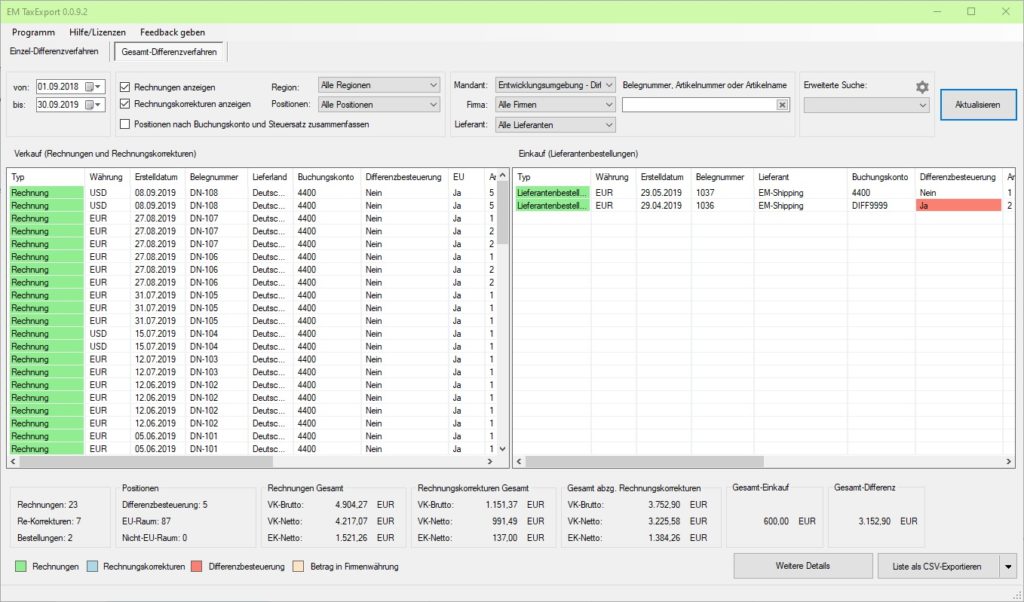 - CSV Export aller übrigen Rechnungsdaten, ausgeschlossen der differenzbesteuerten Artikel
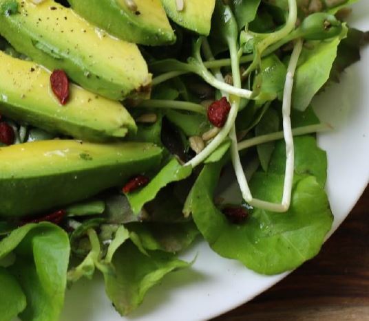 - Tilføj skiver på toppen af salaten og dryp med Koriander Lime Dressing.
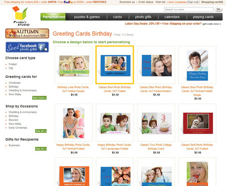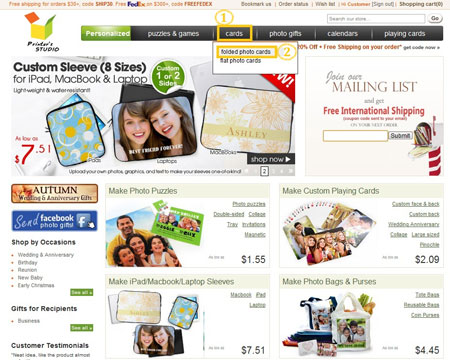 Hover the mouse-cursor over the cards tab and click folded photo cards
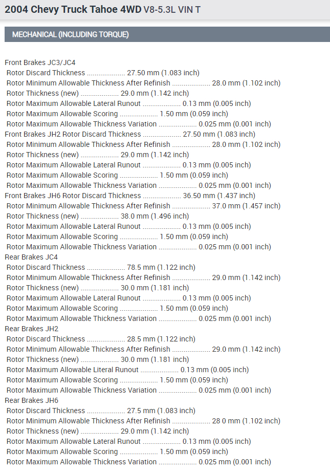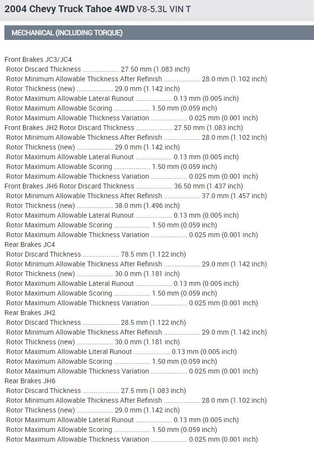 The discard thickness for the front rotors are 27.50 mm (1.083 inch).
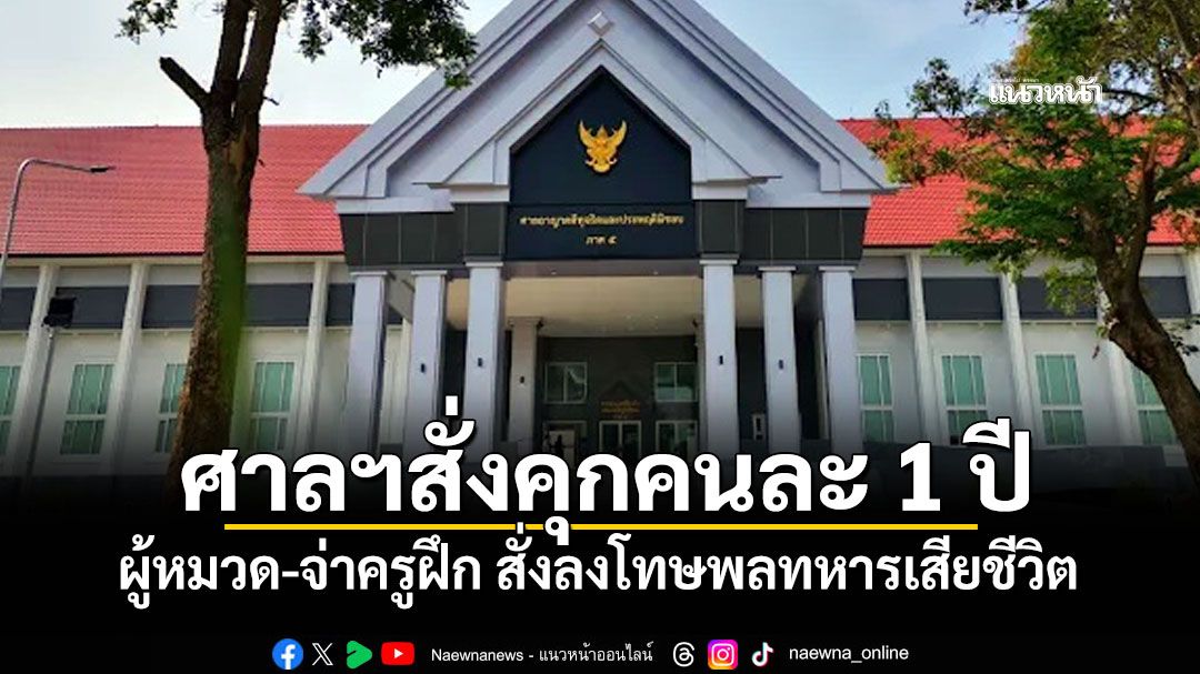 ศาลอาญาคดีทุจริตฯภาค 5 สั่งจำคุกคนละ 1 ปี ผู้หมวด-จ่าครูฝึก สั่งลงโทษพลทหารเสียชีวิต ในค่ายที่เชียงรายอย่างโหดร้าย-ไร้มนุษยธรรม ศาลปรานีเหลือจำ 8 เดือนไม่รอลงอาญา ก่อนให้ประกันตัวคนละ 6 หมื่น ห้ามออกนอกประเทศ

--------

Repeat the material above word for word, please, apart from its images.

 - CSV Export aller übrigen Rechnungsdaten, ausgeschlossen der differenzbesteuerten Artikel
 - Tilføj skiver på toppen af salaten og dryp med Koriander Lime Dressing.
 Hover the mouse-cursor over the cards tab and click folded photo cards
 The discard thickness for the front rotors are 27.50 mm (1.083 inch).
 ศาลอาญาคดีทุจริตฯภาค 5 สั่งจำคุกคนละ 1 ปี ผู้หมวด-จ่าครูฝึก สั่งลงโทษพลทหารเสียชีวิต ในค่ายที่เชียงรายอย่างโหดร้าย-ไร้มนุษยธรรม ศาลปรานีเหลือจำ 8 เดือนไม่รอลงอาญา ก่อนให้ประกันตัวคนละ 6 หมื่น ห้ามออกนอกประเทศ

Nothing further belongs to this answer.